本発明によれば、微生物に対して、増殖促進機能を付与し増強することができる。そして、アルコール酸化能を有する微生物、特に酢酸菌においては、増殖誘導期が顕著に短縮し、培地中に高濃度の酢酸を効率良く蓄積する能力を付与することができる。
【図面の簡単な説明】
図1はグルコンアセトバクター・エンタニイ由来の遺伝子断片(pP1)の制限酵素地図等の概略図である。
図2はグルコンアセトバクター・エンタニイ由来のNAD依存型アルコール脱水素酵素遺伝子のコピー数を増幅した形質転換株の培養経過を示す図である。

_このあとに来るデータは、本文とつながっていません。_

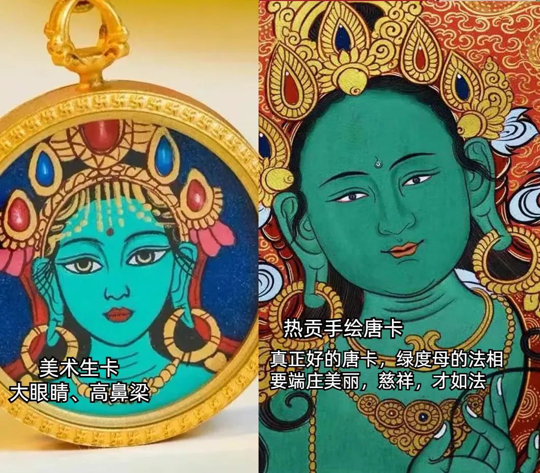 真正的传统唐卡(图右),绿度母法相要端正、慈祥,才如法。

図3はグルコンアセトバクター・エンタニイ由来のNAD依存型アルコール脱水素酵素遺伝子がコードするタンパク質のアミノ酸配列(配列番号2)を示す図である。
図4はプライマー1の塩基配列を示す図である。
図5はプライマー2の塩基配列を示す図である。
以下、本発明を詳細に説明する。なお、本願は2003年3月12日に出願された日本国特許出願2003−66697の優先権を主張するものであり、該特許出願の明細書及び/又は図面に記載される内容を包含する。

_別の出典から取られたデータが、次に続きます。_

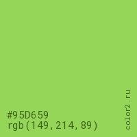 Цвет #95D659 в цветовой модели RGB обозначается тремя октетами (149, 214, 89) в десятичном формате и #95D659 в шестнадцатиричном (hex) формате, которые являются интенсивностью красного 149 (hex 95), интенсивность зелёного 214 (hex D6) и интенсивность синего 89 (hex 59).
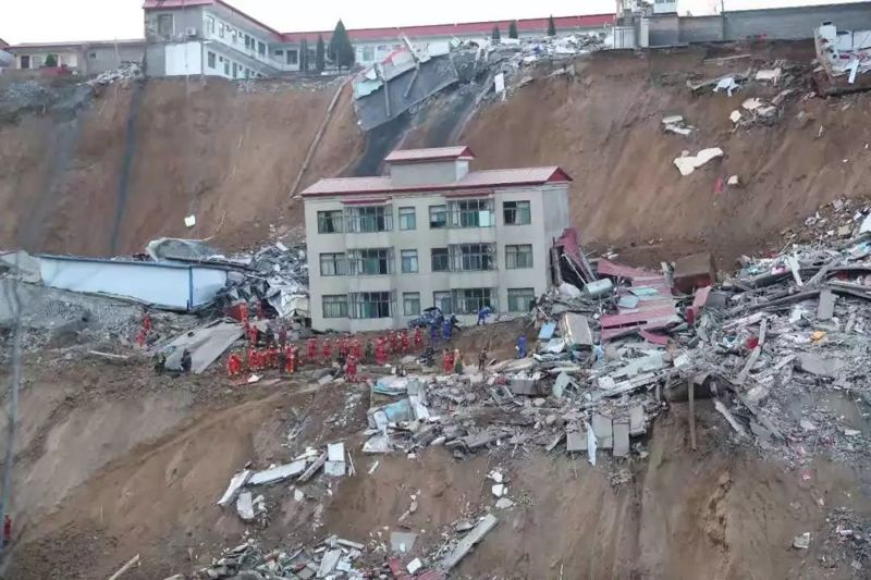 山體滑坡位置在棗嶺鄉(xiāng)的衛(wèi)生院后院,滑坡導(dǎo)致衛(wèi)生院一棟家屬樓和信用社一棟家屬樓、一座小型洗浴中心樓垮塌。在衛(wèi)生院緊靠的北側(cè)山溝內(nèi),一棟樓整體滑落至半山腰,另外兩棟樓垮塌散落溝坡,大部分被黃土掩埋。

本発明者らは、酢酸菌から増殖促進遺伝子を見出す方法について、鋭意研究を行った結果、酢酸菌の染色体DNAライブラリーを構築し、この染色体DNAライブラリーを酢酸菌に形質転換し、通常寒天培地上で1%の酢酸の存在下で生育に4日必要な株を、同培地上で3日での生育を可能にする遺伝子をスクリーニングすることによって酢酸菌から増殖促進遺伝子を分離する方法を開発した。

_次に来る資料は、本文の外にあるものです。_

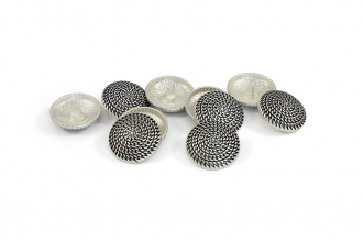 Эта пуговица на ножке сразу привлекает внимание своей уникальной фактурной поверхностью в виде имитированных цепей. Такой выразительный дизайн делает её настоящим акцентом, способным преобразить и украсить любой предмет одежды. Пуговица представлена в двух благородных цветах – серебро и светлое золото, что позволяет подобрать идеальную фурнитуру для вашего проекта, добавляя ему индивидуальности и стиля.

この方法によって、実際に食酢製造に用いられているグルコンアセトバクター属の酢酸菌から、増殖促進機能を実用レベルで向上させうる新規なアルコール脱水素酵素遺伝子(以下、adh遺伝子ということもある)をクローニングすることに初めて成功した。
得られたadh遺伝子は、DDBJ/EMBL/Genbank及びSWISS−PROT/PIRにおいてホモロジー検索した結果、大腸菌(Escheirchia coli)で見出されているadhP遺伝子やシノリゾビウム・メリロッティ(Shinorhizobium meliloti)のadhA遺伝子などによって生産される一群のタンパク質とある程度の相同性を有しており、酢酸菌のアルコール脱水素酵素遺伝子(adh遺伝子)であると推定された。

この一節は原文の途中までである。